(Dataset content Opens)
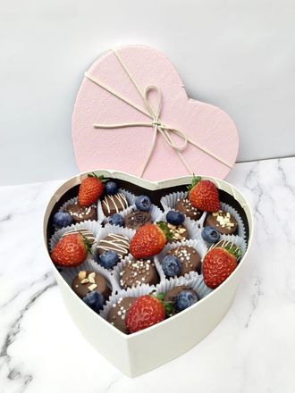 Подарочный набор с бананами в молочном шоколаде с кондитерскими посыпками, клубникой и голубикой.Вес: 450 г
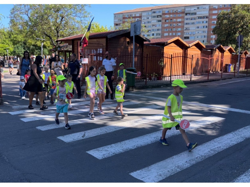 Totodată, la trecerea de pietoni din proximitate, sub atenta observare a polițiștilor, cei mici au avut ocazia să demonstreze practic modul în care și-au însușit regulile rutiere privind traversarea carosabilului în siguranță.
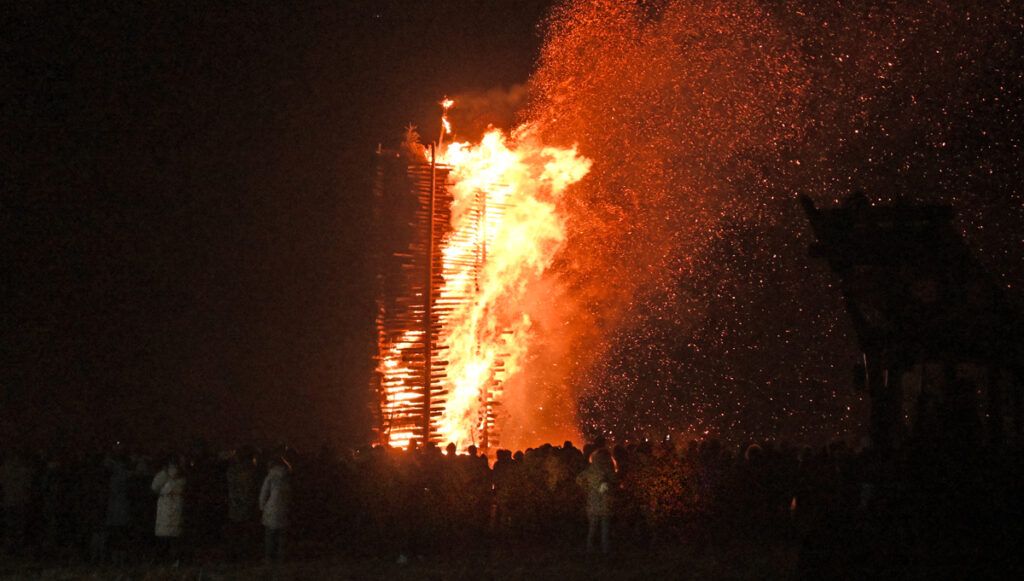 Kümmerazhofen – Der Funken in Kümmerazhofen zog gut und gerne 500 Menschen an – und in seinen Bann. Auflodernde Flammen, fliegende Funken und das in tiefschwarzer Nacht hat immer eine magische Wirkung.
(Dataset content Closes)
-- Work to complete --
Please set down each line of the data above exactly as written, without the pictures.

-- Response to the task --
 Подарочный набор с бананами в молочном шоколаде с кондитерскими посыпками, клубникой и голубикой.Вес: 450 г
 Totodată, la trecerea de pietoni din proximitate, sub atenta observare a polițiștilor, cei mici au avut ocazia să demonstreze practic modul în care și-au însușit regulile rutiere privind traversarea carosabilului în siguranță.
 Kümmerazhofen – Der Funken in Kümmerazhofen zog gut und gerne 500 Menschen an – und in seinen Bann. Auflodernde Flammen, fliegende Funken und das in tiefschwarzer Nacht hat immer eine magische Wirkung.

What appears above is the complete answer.